The paper is from http://citeseerx.ist.psu.edu/viewdoc/download?doi=10.1.1.384.1465&rep=rep1&type=pdf
I understand (1) - (17) equations and verified them. But when read about
The present approximation comes out in powers of $\beta = \alpha - 1$; if powers of $\alpha$ are preferred, a preliminary change of variables can be made $(x = e^u)$, so
$$\Gamma(\alpha) = \int_{-\infty}^{\infty}u^a\exp(-e^u)du \tag{18}$$ I am confused. If let $x= e^u$, then $u=lnx$. For $\Gamma(\alpha)=\int_0^{\infty}x^{\alpha-1}e^{-x}dx$, $ 0 < x < \infty$, then $-\infty<u<\infty$. $\Gamma(\alpha) = \int_{-\infty}^{\infty}(e^{u})^{\alpha-1}e^{-e^{u}}d(e^u) =\int_{-\infty}^{\infty}(e^{u})^{\alpha-1}e^{-e^{u}}e^udu = \int_{-\infty}^{\infty}(e^{u})^{\alpha}exp({e^{-u}})du$.
What's wrong with my derivation.
What's more,
A refinement of the argument leads to the usual asymptotic development,
$$\Gamma_1(\beta) = 1 + \frac{1}{12\beta} + ... \tag{19}$$
I am also confused with this expression. Any help will be appreciated, thanks very much.

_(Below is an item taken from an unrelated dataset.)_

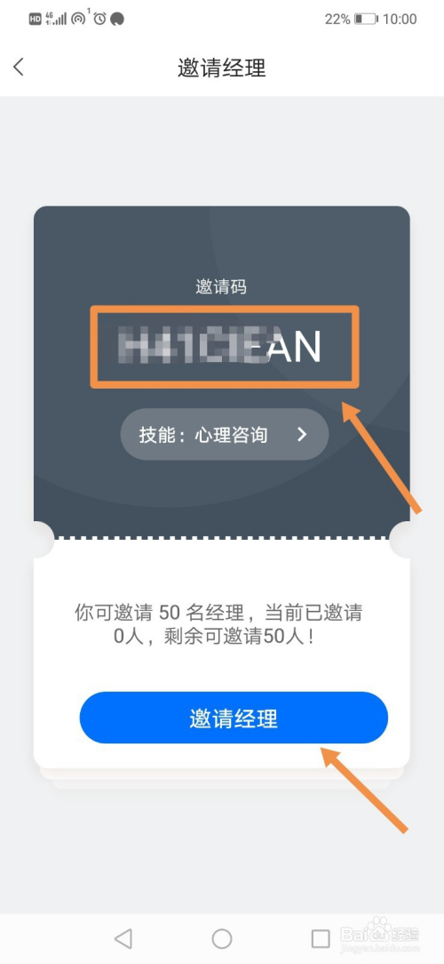 然后系统会为我们随机生当作一个邀请码,我们可以将邀请码分享给其他人,被我们邀请的人会当作为我们的司理,点击【邀请司理】。

In regards to your "What's more,", look at the lemma after equation $(12)$. That lemma is enough to obtain the first term of the asymptotic expansion for the Gamma function. The paper then says:
What the author means here is that by being more careful with the argument used to prove the lemma, the higher-order terms of the asymptotic (think of these as higher-order corrections) given in formula $(19)$ can be obtained.
The author did not prove equation $(19)$ in the paper (nor did they claim to).